LGMD Gene Therapy ATA-100 Wins Orphan Drug Status From FDA, EMA
by |
The U.S. Food and Drug Administration (FDA) has granted orphan drug designation to ATA-100, a one-time gene therapy being developed by Atamyo Therapeutics for a specific form of limb-girdle muscular dystrophy (LGMD) called 2I or R9 (LGMD2I/R9).
In Europe, the therapy also was named an orphan drug by the European Medicines Agency (EMA) for the treatment of LGMD.
With these designations, Atamyo Therapeutics can benefit from seven and 10 years of exclusive rights to market the therapy in the U.S. and Europe, respectively. Other benefits include tax credits, access to research grants, and scientific advice on the most appropriate way to generate evidence on the therapy’s benefits and risks.
Additionally, the company was given the green light by the U.K.’s Medicines and Healthcare products Regulatory Agency (MHRA) late last year to start testing ATA-100 in humans for the first time. Now, it has been given an added go-ahead by the Danish Medicines Agency (DKMA) to start a clinical trial.
“We are thrilled by this additional approval for our first-in-human trial with ATA-100 and by the Orphan Drug Designation in the United States and in Europe” Stéphane Degove, CEO of Atamyo, said in a press release.
“This single-administration treatment brings hope to patients with LGMD2I/R9,” Degove said.

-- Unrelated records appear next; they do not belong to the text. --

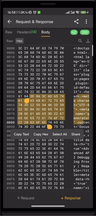 Hex视图:以Hex的形式查看请求/响应体内容;
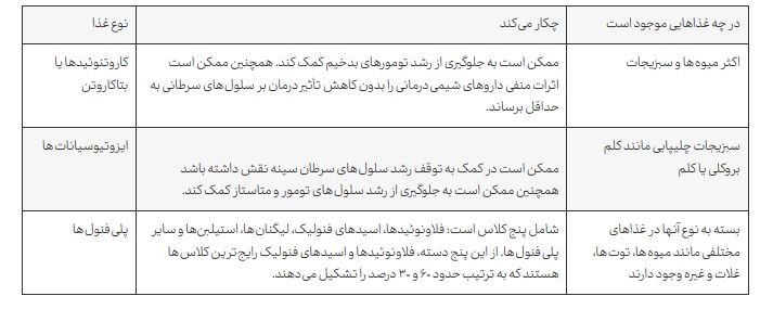خوردن غذاهای حاوی ترکیبات خاصی به نام فیتوشیمیکال ممکن است به بدن شما کمک کند تا با سرطان مبارزه کند. این مواد شیمیایی عمدتاً در غذاهای گیاهی وجود دارند. اما، یک نکتۀ احتیاطی: برخی مطالعات نشان میدهند که این ترکیبات ممکن است به کاهش خطر یا عود سرطان کمک کنند، اما برای تعیین تأثیر دقیق این ترکیبات بر سرطانهای موجود در مقایسه با خطر سرطان، تحقیقات بیشتری مورد نیاز است.
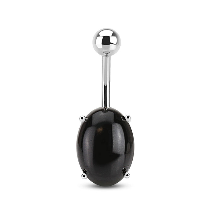 Black Agate Oval Semi Precious StoneProng Set Navel Ring 316L Surgical Steel. The color is gorgeous and the size is great! Stone has a silky luster navy blue color making this one a real beauty. Stone is 1/2" wide and 1/2" long. Non Dangle belly ring is 14 Gauge, 3/8" barbell.
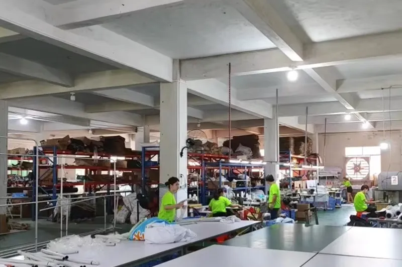 Työpaja 10, 800 neliömetriä, 130+ työntekijää, 20+ suunnittelijatiimi, 5 000 000 dollarin käyttöomaisuuskone, 50+ sarjaa metallinkäsittelykonetta, 100+ sarjaa kangas- ja painokonetta, 1000 000+ sarjaa, asiakaskaksois9 vuositilausmäärä0 %.
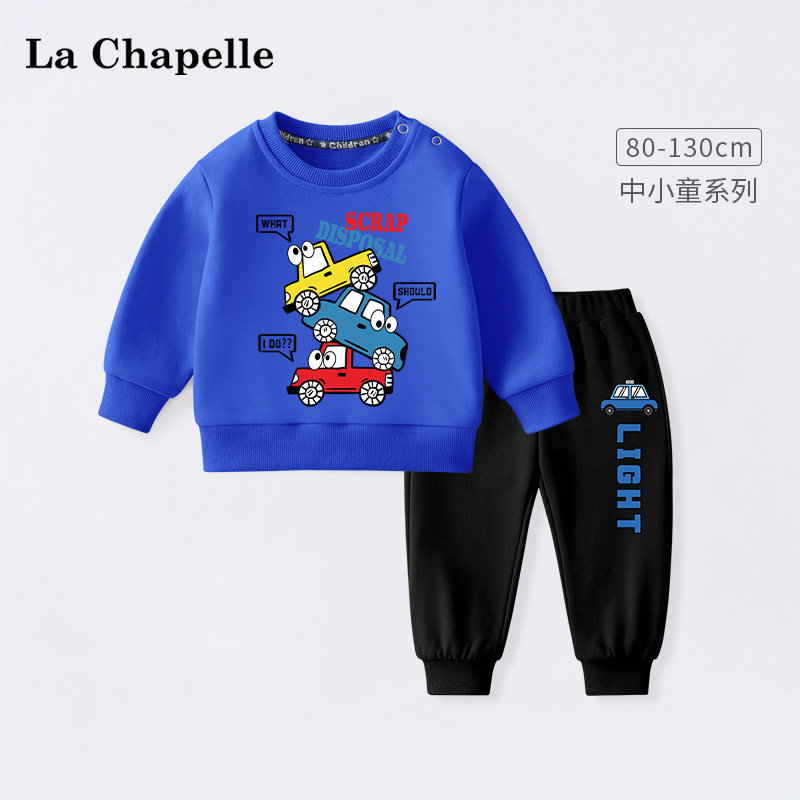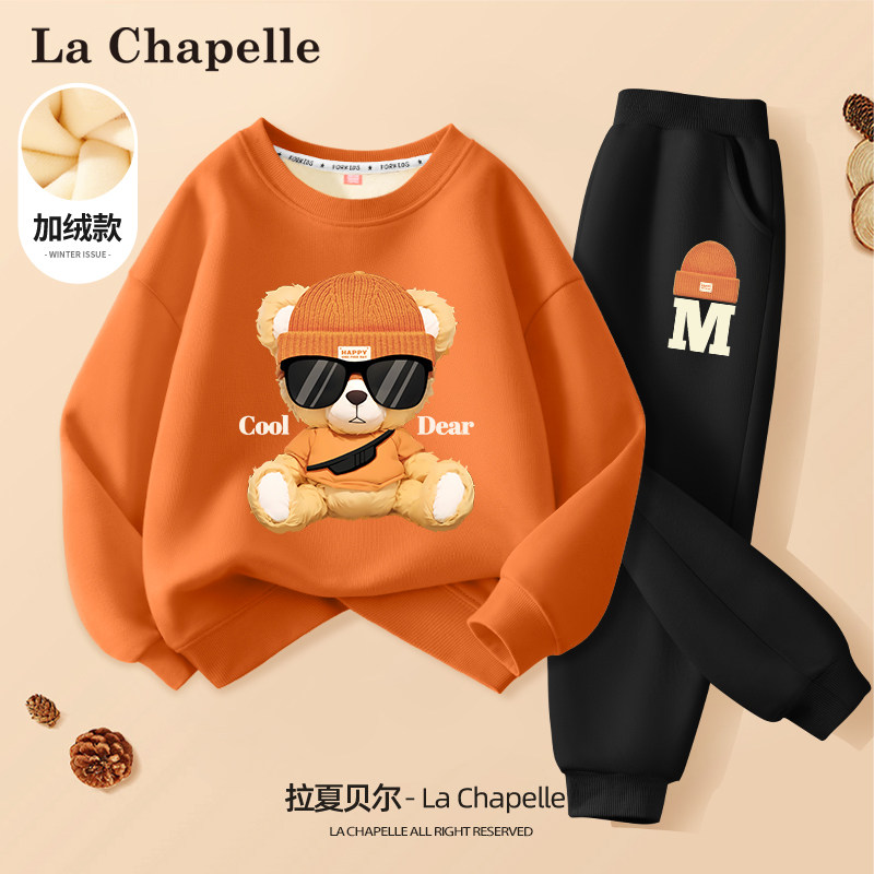 拉夏贝尔男童加绒套装2023新款冬季卫衣男孩童装加厚棉衣儿童冬装
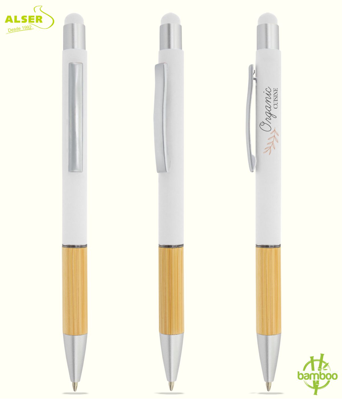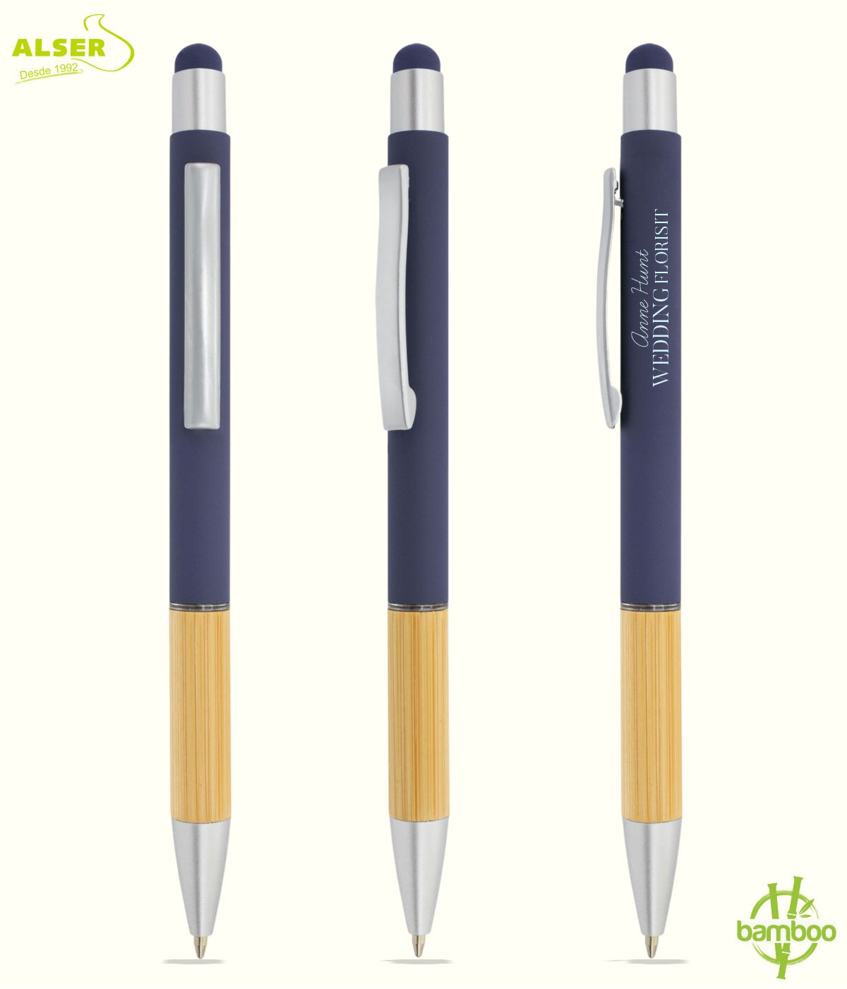 porque lo coges y no quieres soltarlo, porque pasa del papel a la pantalla sin esfuerzo, porque el tacto soft engancha y el bambú le da alma. Nos gusta porque no es solo un bolígrafo, es uno de esos objetos cotidianos que hacen que tu marca esté presente sin molestar, acompañando el día a día con elegancia, utilidad y un punto ecológico que siempre suma.
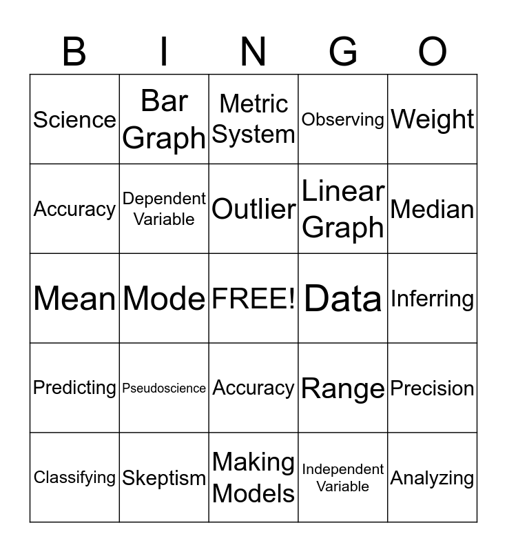 This bingo card has a free space and 24 words: Pseudoscience, Skeptism, Outlier, Classifying, Weight, Science, Accuracy, Bar Graph, Data, Accuracy, Linear Graph, Mean, Range, Precision, Dependent Variable, Independent Variable, Inferring, Metric System, Median, Mode, Analyzing, Predicting, Observing and Making Models.
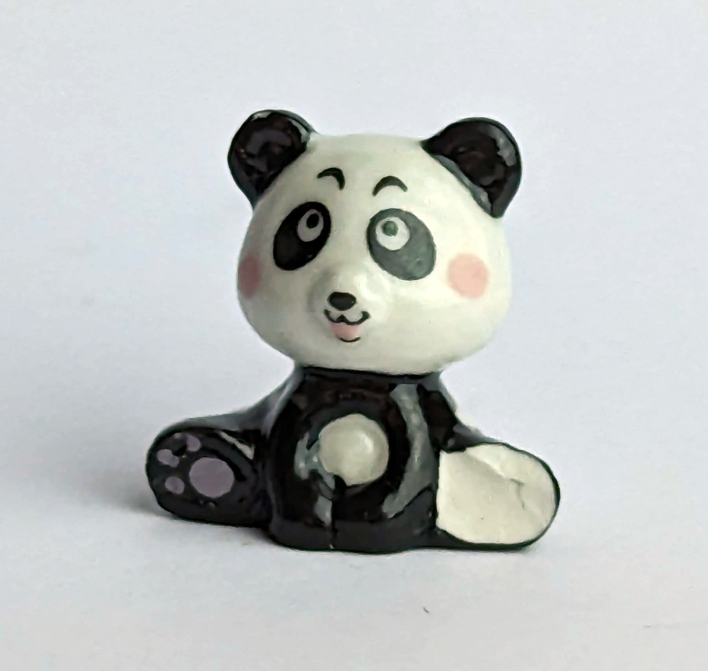 Diese niedliche Keramikfigur in Form eines Panda ist ein echter Hingucker in jeder Sammlung. Der kleine Panda ist liebevoll von Hand bemalt und zeigt sich in einer schwarz-weißen Farbgebung mit rosa Wangen. Mit einer Größe von nur 2 cm ist die Figur besonders dekorativ und kann überall platziert werden.
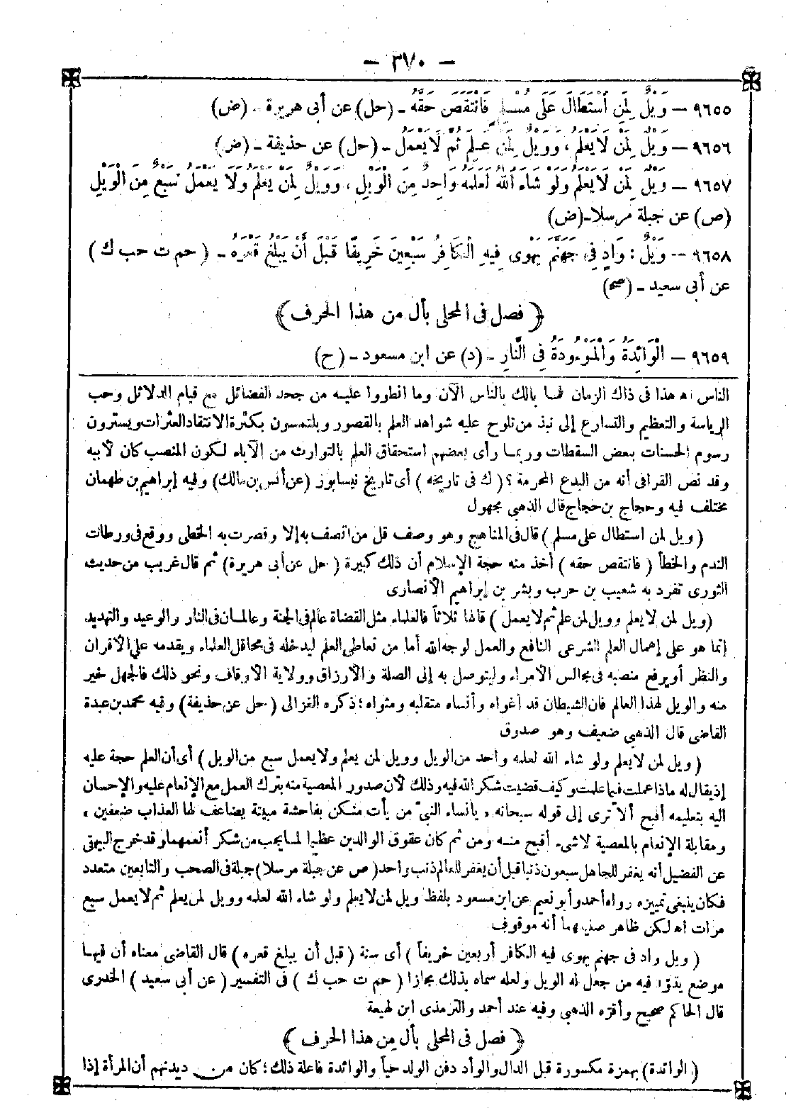 9656 - (ويل لمن لا يعلم وويل لمن علم ثم لا يعمل) قالها ثلاثا فالعلماء مثل القضاة عالم في الجنة وعالمان في النار والوعيد والتهديد إنما هو على إهمال العلم الشرعي النافع والعمل لوجه الله أما من تعاطى العلم ليدخله في محافل العلماء ويقدمه على الأقران والنظر أو يرفع منصبه في مجالس الأمراء وليتوصل به إلى الصلة والأرزاق وولاية الأوقاف ونحو ذلك فالجهل خير منه والويل لهذا العالم فإن الشيطان قد أغواه وأنساه متقلبه ومثواه ذكره الغزالي
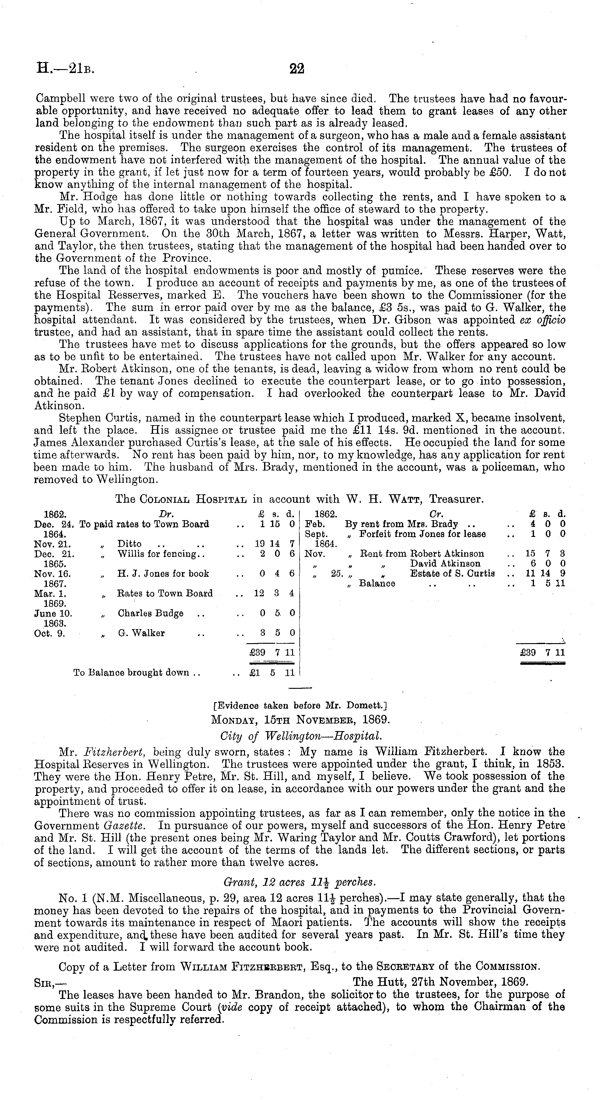 [Evidence taken before Mr. Domett.] Monday, 15th Novbmbee, 1869. City of Wellington — Hospital. Mr. Fitzherbert, being duly sworn, states :My name is William Fitzherbert. I know the Hospital Eeserves in Wellington. The trustees were appointed under the grant, I think, in 1853. They were the Hon. Henry Petre, Mr. St. Hill, and myself, I believe. We took possession of the property, and proceeded to offer it on lease, in accordance with our powers under the grant and the appointment of trust. There was no commission appointing trustees, as far as I can remember, only the notice in the Government Gazette. In pursuance of our powers, myself and successors of the Hon. Henry Petre and Mr. St. Hill (the present ones being Mr. Waring Taylor and Mr. Coutts Crawford), let portions of the land. I will get the account of the terms of the lands let. The different sections, or parts of sections, amount to rather more than twelve acres. Grant, 12 acres 12J perches. No. 1 (N.M. Miscellaneous, p. 29, area 12 acres 11J perches).—l may state generally, that the money has been devoted to the repairs of the hospital, and in payments to the Provincial Government towards its maintenance in respect of Maori patients. The accounts will show the receipts and expenditure, and,these have been audited for several years past. In Mr. St. Hill's time they were not audited. I will forward the account book. Copy of a Letter from William Fitzheebebt, Esq., to the Secebtaey of the Commission. Sic,— The Hutt, 27th November, 1869. The leases have been handed to Mr. Brandon, the solicitor to the trustees, for the purpose of some suits in the Supreme Court (vide copy of receipt attached), to whom the Chairman of the Commission is respectfully referred.

Atamyo also was awarded public financing of €2 million (about $2.2 million) by Bpifrance to get its first clinical trial of ATA-100 off the ground. This funding is part of the Deeptech Development Aid program, a French government initiative to help start-ups get financed in France, where an additional clinical trial application for ATA-100 is currently under review.
“The strong financial support by the French government will reinforce the rapid progress towards a first administration of ATA-100 in patients,” Degove said.
LGMD2I/R9 is caused by mutations in FKRP, a gene that provides instructions to make a protein called fukutin-related protein (FKRP). The first symptoms appear in childhood or early adulthood and progress slowly, causing muscle weakness that can affect the ability to walk and breathe.
ATA-100 is expected to work by delivering a healthy copy of the FKRP gene to cells. The gene is carried in a harmless vector that the company has modified based on a naturally occurring virus called adeno-associated virus (AAV).
The therapy is based on earlier work by Isabelle Richard, PhD, chief scientific officer of Atamyo and head of the Progressive Muscular Dystrophies Laboratory at Genethon, the company from which Atamyo was spun off.